Background
The task of recognizing species names in scientific articles is a quintessential step for a large number of applications in high-throughput text mining and data analytics, such as species-specific information collection, construction of species food networks and trophic relationship extraction. These tasks become even more important in fast-paced species-discovery areas such as entomology, where an impressive number of new arthropod species are discovered each year. This article explores the use of twocharacter n-grams (bigrams) in machine learning models for arthropod species name recognition. This particular method has been previously applied successfully to the task of language identification [1] but the application to species name identification had yet to be explored.
Results
Arthropod species names, regular English words used in scientific publications and person names were collected from the public domain and bigrams were extracted and used as classifier features.
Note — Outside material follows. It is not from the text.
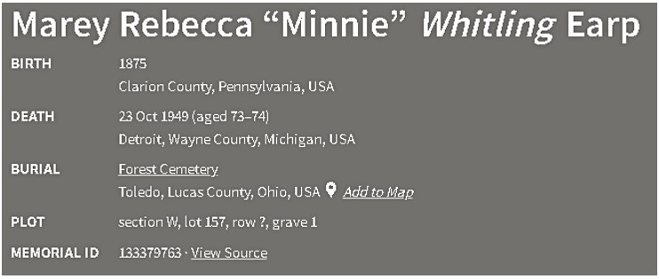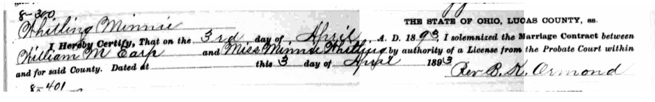 Here is the marriage record from 1893 in Lucas Co., OH for William M. Earp (son of William Earp and Calista Ward) and Marey “Minnie” Rebecca Whitling:

A number of learning classifiers spanning 7 algorithmic categories (tree-based, rule-based, artificial neural network, Bayesian, boosting, lazy and kernel-based) were tested and the highest accuracies were consistently obtained with LIBLINEAR [2], Bayesian Logistic Regression [3], the Multilayer Perceptron [4], Random Forest [5], and the LIBSVM [6] classifiers. When compared with dictionary-based external software tools such as GNRD [7] and TaxonFinder [8], our top-3 classifiers were insensitive to words capitalization and were able to correctly classify novel species names that are absent in dictionary-based approaches with accuracies between 88.6% and 91.6%.
Conclusions
Our results suggest that character bigram-based classification is a suitable method for distinguishing arthropod species names from regular English words and person names commonly found in scientific literature. Moreover, our method can also be used to reduce the number of false positives produced by dictionary-based methods.